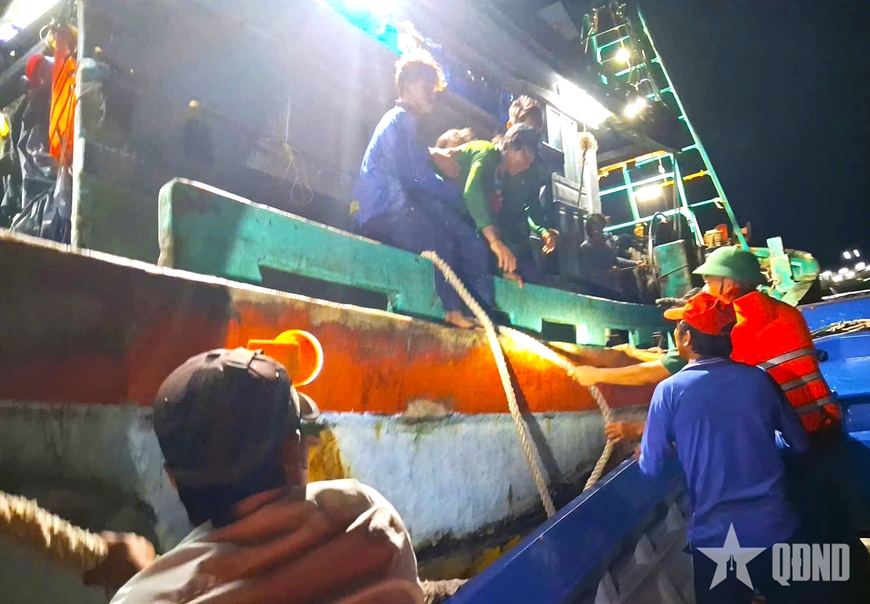 Lực lượng Bộ đội Biên phòng hỗ trợ đưa thuyền viên đến cơ sở y tế cấp cứu.
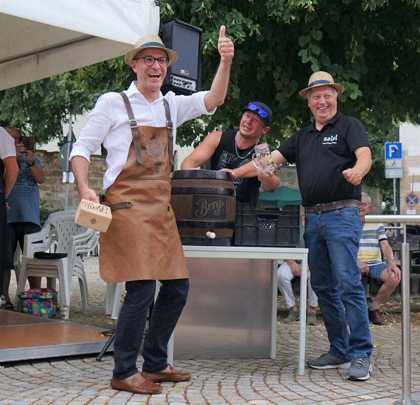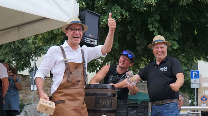 KIRCHENTELLINSFURT. Nach fünf Jahren endlich wieder ein Dorfstraßenfest in Kirchentellinsfurt – das war am Samstag von vielen Leuten zu hören. Nach einem heißen Nachmittag zogen just um 17 Uhr zum offiziellen Fassanstich für das Dorfstraßenfest allerdings dunkle Wolken am Himmel auf. Bürgermeister Bernd Haug: »Jetzt müssen wir uns beeilen.« Denn vor fünf Jahren war zuerst kein Fass da und später regnete es. Diesmal hielt das Wetter noch eine Weile, bis es tröpfelte und später der Regen einsetzte und Haug erwies sich als routiniert: Nach zwei gekonnten Schlägen floss das Freibier. Der Musikverein unter Leitung von Patrick Maisch stimmte »Ein Prosit« an. »Der Fassanstich hat eigentlich noch nie so richtig geklappt«, rief Haug erfreut und gab das Bier an die hundert umstehenden Leute aus. Otto Salzl aus der österreichischen Partnergemeinde Illmitz half beim Ausschenken und Verteilen der Krüge. »Wir hatten mit Corona eine lange, schwere Zeit und können nun wieder zusammenkommen«, sagte Haug. »Wir freuen uns auf gute Gespräche, gute Laune und viel Musik.« Das Dorfstraßenfest sei fraglos eines der Highlights. Haug hob das Kinder- und Jugendprogramm hervor und dankte dem Organisationsteam sowie den zahlreichen beteiligten Vereinen.
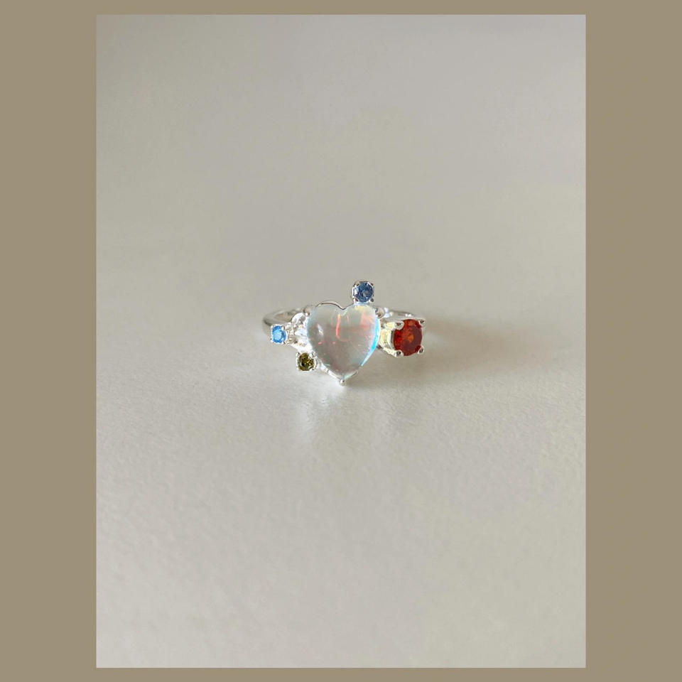 แหวนเงินแท้ S925 ประดับเพทายสีโอปอลและมูนสโตน รูปหัวใจ สำหรับผู้หญิง ดีไซน์โรแมนติก ชุบทอง 18K แบบเปิด คอลเลคชั่นพิเศษ
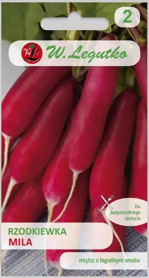 Ранний сорт, рекомендуется для круглогодичного выращивания в закрытом грунте и в грунте. Редька Мила — сорт, известный своей короткой фазой созревания, интенсивным цветом и характерным, слегка пряным вкусом.
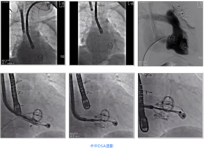 根據術前評估結果,郭應強教授團隊為患者量身定制了手術策略,決定使用LuX-Valve Plus經血管三尖瓣置換系統開展手術治療。手術在全麻下進行,采用經右側頸靜脈入路,在經食道超聲和DSA的指引下調整輸送器角度以達到正確位置,勾住前瓣后逐步釋放盤片,盤片打開后順利扎針,最終完成瓣膜植入,輸送器撤出。術后超聲提示人工三尖瓣同軸性良好,瓣架固定牢靠,無反流和瓣周漏,術后三尖瓣平均跨瓣壓差為1 mmHg。
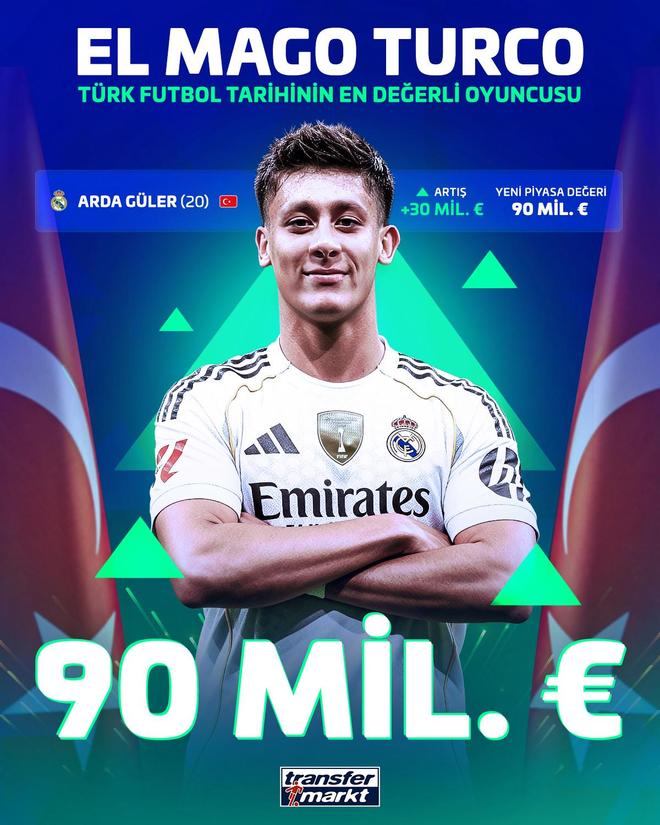 居莱尔也因此超越尤文图斯的伊尔迪兹,成为土耳其身价最高的球员。目前,皇马队内只有四名球员的身价高于居莱尔。意甲球员的市场价值将在未来几周内更新。届时,效力于尤文图斯的伊尔迪兹的身价也可能发生变化。
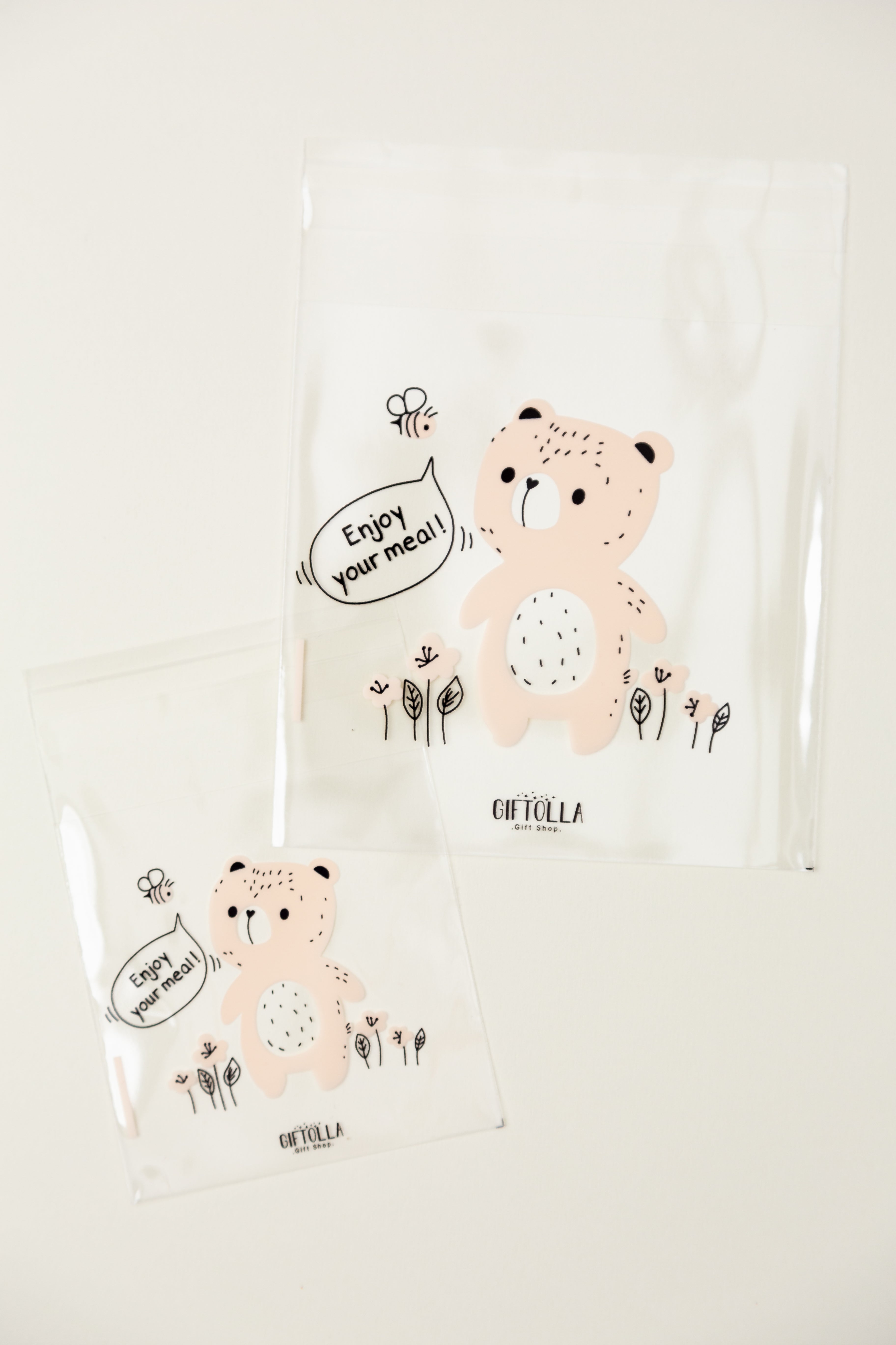 اكياس السيلوفان ذاتية اللصق، وسهلة الاستخدام. ازيلي الشريط اللاصق، ضعي الطعام، ثم اغلقي الكيس.
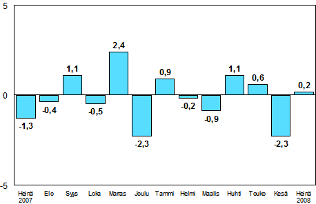 - Teollisuustuotannon kausitasoitettu muutosprosentti kesäkuu 2008 / heinäkuu 2008 (29.8.2008)
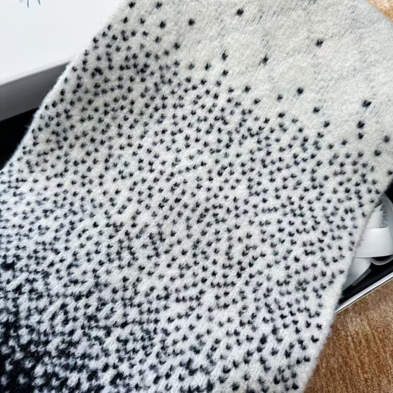 這條根本是「把雪山貴婦直接圍在脖子上」的夢幻單品,遠看就是黑白經典配色,近看才發現整條是立體7針拔花+凹凸格紋+漸變雙C若隱若現,隨便一圍整個氣場從台北變阿爾卑斯山頂,貴到讓路人自動幫你讓路~
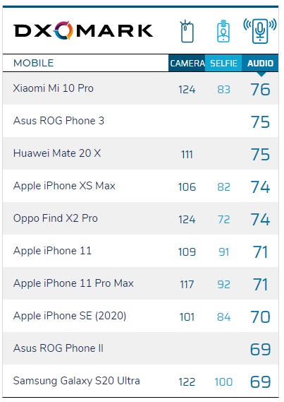 以下為 DxoMark 的音頻評分排行:

=-=-=

EXERCISE DESCRIPTION —
In your copy of the data above, leave out the pictures and repeat everything else exactly.

ANSWER BOX —
 Lực lượng Bộ đội Biên phòng hỗ trợ đưa thuyền viên đến cơ sở y tế cấp cứu.
 KIRCHENTELLINSFURT. Nach fünf Jahren endlich wieder ein Dorfstraßenfest in Kirchentellinsfurt – das war am Samstag von vielen Leuten zu hören. Nach einem heißen Nachmittag zogen just um 17 Uhr zum offiziellen Fassanstich für das Dorfstraßenfest allerdings dunkle Wolken am Himmel auf. Bürgermeister Bernd Haug: »Jetzt müssen wir uns beeilen.« Denn vor fünf Jahren war zuerst kein Fass da und später regnete es. Diesmal hielt das Wetter noch eine Weile, bis es tröpfelte und später der Regen einsetzte und Haug erwies sich als routiniert: Nach zwei gekonnten Schlägen floss das Freibier. Der Musikverein unter Leitung von Patrick Maisch stimmte »Ein Prosit« an. »Der Fassanstich hat eigentlich noch nie so richtig geklappt«, rief Haug erfreut und gab das Bier an die hundert umstehenden Leute aus. Otto Salzl aus der österreichischen Partnergemeinde Illmitz half beim Ausschenken und Verteilen der Krüge. »Wir hatten mit Corona eine lange, schwere Zeit und können nun wieder zusammenkommen«, sagte Haug. »Wir freuen uns auf gute Gespräche, gute Laune und viel Musik.« Das Dorfstraßenfest sei fraglos eines der Highlights. Haug hob das Kinder- und Jugendprogramm hervor und dankte dem Organisationsteam sowie den zahlreichen beteiligten Vereinen.
 แหวนเงินแท้ S925 ประดับเพทายสีโอปอลและมูนสโตน รูปหัวใจ สำหรับผู้หญิง ดีไซน์โรแมนติก ชุบทอง 18K แบบเปิด คอลเลคชั่นพิเศษ
 Ранний сорт, рекомендуется для круглогодичного выращивания в закрытом грунте и в грунте. Редька Мила — сорт, известный своей короткой фазой созревания, интенсивным цветом и характерным, слегка пряным вкусом.
 根據術前評估結果,郭應強教授團隊為患者量身定制了手術策略,決定使用LuX-Valve Plus經血管三尖瓣置換系統開展手術治療。手術在全麻下進行,采用經右側頸靜脈入路,在經食道超聲和DSA的指引下調整輸送器角度以達到正確位置,勾住前瓣后逐步釋放盤片,盤片打開后順利扎針,最終完成瓣膜植入,輸送器撤出。術后超聲提示人工三尖瓣同軸性良好,瓣架固定牢靠,無反流和瓣周漏,術后三尖瓣平均跨瓣壓差為1 mmHg。
 居莱尔也因此超越尤文图斯的伊尔迪兹,成为土耳其身价最高的球员。目前,皇马队内只有四名球员的身价高于居莱尔。意甲球员的市场价值将在未来几周内更新。届时,效力于尤文图斯的伊尔迪兹的身价也可能发生变化。
 اكياس السيلوفان ذاتية اللصق، وسهلة الاستخدام. ازيلي الشريط اللاصق، ضعي الطعام، ثم اغلقي الكيس.
 - Teollisuustuotannon kausitasoitettu muutosprosentti kesäkuu 2008 / heinäkuu 2008 (29.8.2008)
 這條根本是「把雪山貴婦直接圍在脖子上」的夢幻單品,遠看就是黑白經典配色,近看才發現整條是立體7針拔花+凹凸格紋+漸變雙C若隱若現,隨便一圍整個氣場從台北變阿爾卑斯山頂,貴到讓路人自動幫你讓路~
 以下為 DxoMark 的音頻評分排行:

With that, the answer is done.